Испокон века принадлежащая русской литературе традиция «не
жалеть живота своего за други своя» переходит тем временем к
норвежским, французским, немецким и художникам иных наций, если
таковая вообще не перейдет в ближайшее десятилетие неизвестно к
кому. Горько это говорить, но, кажется, к этому идет! Каждый
человек, тем более писатель, имеет право занять любую позицию, в
том числе и «надмирную», он сам персонально ответит перед Богом
за всякое свое отступление от заповедей, и никто не может и не
должен наставлять его, как говорится, на путь истинный. Но в
таком случае он не вправе провозглашать какие-либо принципы
всуе, ибо это уже и в мирской жизни грех тяжкий и
непростительный. С искренним уважением к Вашему высокому
дарованию В. Максимов 01.07.73. Я намеренно ограничил рамки
своего письма темой чисто «писательской солидарности», памятуя о
том, что Вы тщательно избегаете высказываний, не касающихся
конкретно литературы. В противном случае мне пришлось бы
привести здесь целый мартиролог имен, от уже отсидевшей
замечательной поэтессы Натальи Горбаневской и многострадального
Андрея Амальрика до украинских узников Плюща и Светличного
включительно. Не кажется ли Вам, уважаемый Александр Исаевич,
что все Ваши упреки Патриарху Вы с полным основанием можете
теперь адресовать себе? Разрушительность эгоцентризма уже не раз
подтверждалась историей литературы. Только на нашей памяти
жертвой его оказались такие даровитые от природы художники, как
Селин, Гамсун, Шолохов. Поэтому мне остается только молиться за
то, чтобы вверенный Вам свыше Дар Божий не оставил Вас. Снова с
уважением — В. Максимов. 10.07.73».

И ответ: «Многоуважаемый Владимир Емельянович! Я поражен,
отчего так сердито, даже зло Ваше письмо — со стороны, с которой
я никак не ожидал. И откуда эти представления о «личной
неприязни» — когда и в чем Вы видели ее от меня? Если уж
говорить только о нас с Вами двоих, Вы ходили в группе Можаева с
устным представлением по поводу моего исключения, а я в Ваш, как
мне казалось, более трудный час — весной 72-го года, когда
угрожали судебным преследованием за «Семь дней творения», в меру
моих сил защищал Вас в своем интервью. Если же Вы призываете
меня протестовать по поводу каждого шевеления в говенном СП, то
я этого не делал и делать не буду. Я говорил не о «трудных
днях», как Вы цитируете, а об «опасных неделях» вокруг своего
исключения — не о самом исключении, на которое я ответил
достаточно энергично и нисколько не протестовал по сути, — а о
том изгнании из страны, которое мне тогда готовили, но запнулись
именно из-за западных протестов. Исключение из СП даже трудно
считать преследованием, во всяком случае это наименьшее из
преследований, известных нам сегодня, и может быть
квалифицировано даже как честь. Ежедневно происходят тысячи
несправедливостей в нашей стране — много более вопиющих, чем те,
которые достигают международное радио, — тем ужаснее, чем глубже
в провинцию. И находите ли Вы, что наша позиция должна быть
занята не по общим закономерностям этой жизни, а выливаться в
ежедневных протестах по всем случаям? Но подпись, которая
ставится слишком часто, перестает что-либо значить и выражать. В
горячности своего письма Вы ошиблись не только в цитатах. Месяцы
до и месяцы после медведевской истории я не виделся с А. Т., да
и не мог он «просить выступить» кого-либо, ибо сам имел перо.

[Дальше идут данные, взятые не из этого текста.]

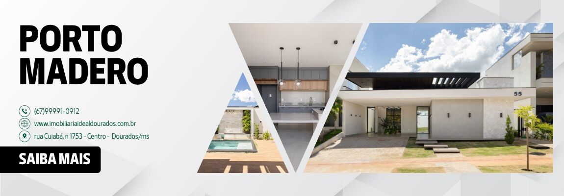 Casa Térrea à Venda Condomínio Porto Madero, o condomínio mais completo de Dourados, com lazer, segurança e conforto para toda a família! Diferenciais do Imóvel: Terreno: 344m² (14,5m de frente) Área construída: 233m² 3 suítes (sendo 1 master com closet) Lavabo Escritório Gourmet amplo integrado Sala de estar espaçosa Área de serviço + despensa amplas Piscina aquecida com cascata e hidromassagem Poço artesiano Energia fotovoltaica Água aquecida em toda a casa Uma casa projetada para unir sofisticação, conforto e tecnologia em um dos endereços mais valorizados da cidade! Entre em contato agora mesmo e agende sua visita com a Imobiliária Ideal.

Вас неправильно информировали. Если же говорить о Вас лично,
Владимир Емельянович, то от других писателей Вы отличаетесь тем,
что не согнулись, не -"раскаялись», не «просили прощения», не
уступили — так это и есть залог устояния. Я горжусь Вами и
искренне рад за Вас и не пойму Вашего гнева. Жму Вашу руку. А.
Солженицын. 04.07.73. Это мое письмо Вам я рассматриваю как
частное» (Думаю, что спустя столько лет пpимечание это потеpяло
свою актуальность. — В.М.) Восхитительная логика, не правда ли?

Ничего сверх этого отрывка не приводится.